While the Commission’s published assessment of host bids makes no reference to LGBT rights, EMA’s comments single out member states where same-sex partnerships are not recognised, saying their governments need to say how this will be addressed.
Rush to recruit temps
Rasi told the European Parliament as long ago as last November that uncertainty about the impending move had led six staff members to resign and candidates for vacant posts to withdraw their applications.
The agency is now taking steps to plug gaps in the staff roster, issuing a £31.8 million open tender for employment agencies to find it temporary staff. EMA is searching for temps ranging from scientific staff with medical and pharmacy degrees, to systems analysts and secretaries.
Currently, EMA uses temporary workers on three – six month contracts who are recruited by seven employment agencies in London. The tender is looking for up to 30 agencies across Europe to recruit on the widest geographical basis.
Another gap to fill
Apart from resignations amongst its 890 staff, EMA has another huge hole to fill as it faces the loss of UK scientific expertise on its committees. Currently, the UK Medicines and Healthcare products Agency (MHRA) carries out about 20 per cent of the workload involved in regulating drugs.
The UK government has said it wants to maintain this contribution.
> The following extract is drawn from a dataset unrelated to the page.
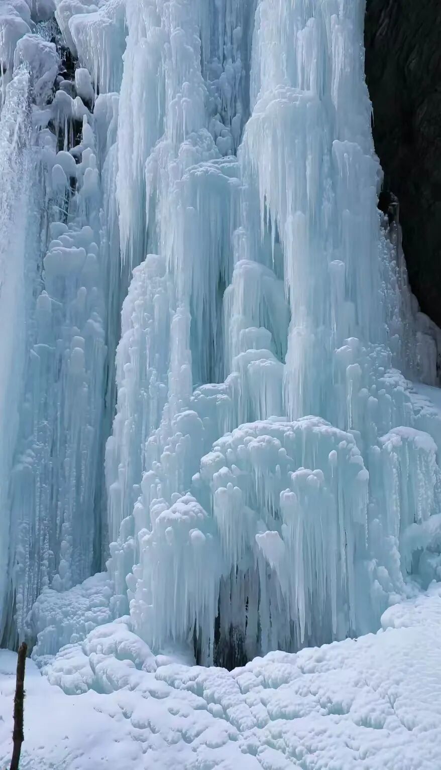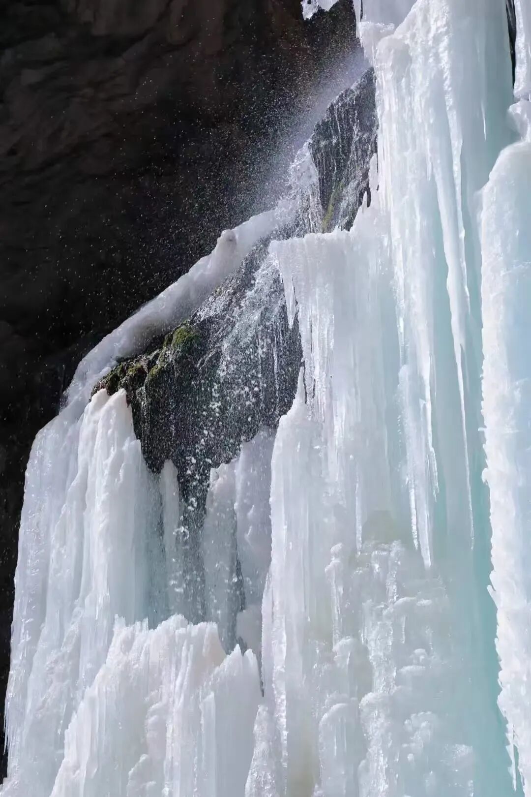 冰柱、冰笋、冰花在崖壁间肆意生长

But with Brexit negotiations still stuck on the opening issues of the Irish border, reciprocal rights for citizens and the divorce bill, EMA is working on the worst case scenario of no further MHRA involvement.
It has asked national drugs regulators in the EU-27 to expand their capacity and capability to deal with the workload and is currently conducting a mapping exercise to understand their plans.
Compounding the resource problems, preparing for relocation is sucking up staff time. Since May, EMA has been scaling back less essential activities with the aim of freeing up 43 staff to focus on preparations for the move.
That has included suspending development of a new European medicines portal and a project to benchmark national drug regulators, cutting back participation in external conferences and reducing the number of meetings and workshops it organises in house.
The agency says such activities can be put on hold for a while but longer term it could start to seriously undermine the quality of its work.
The relocation beauty parade: where EMA staff would move
The EU-27 will discuss the options on 17 October. This will be followed by a vote at the European Council meeting on November 20th.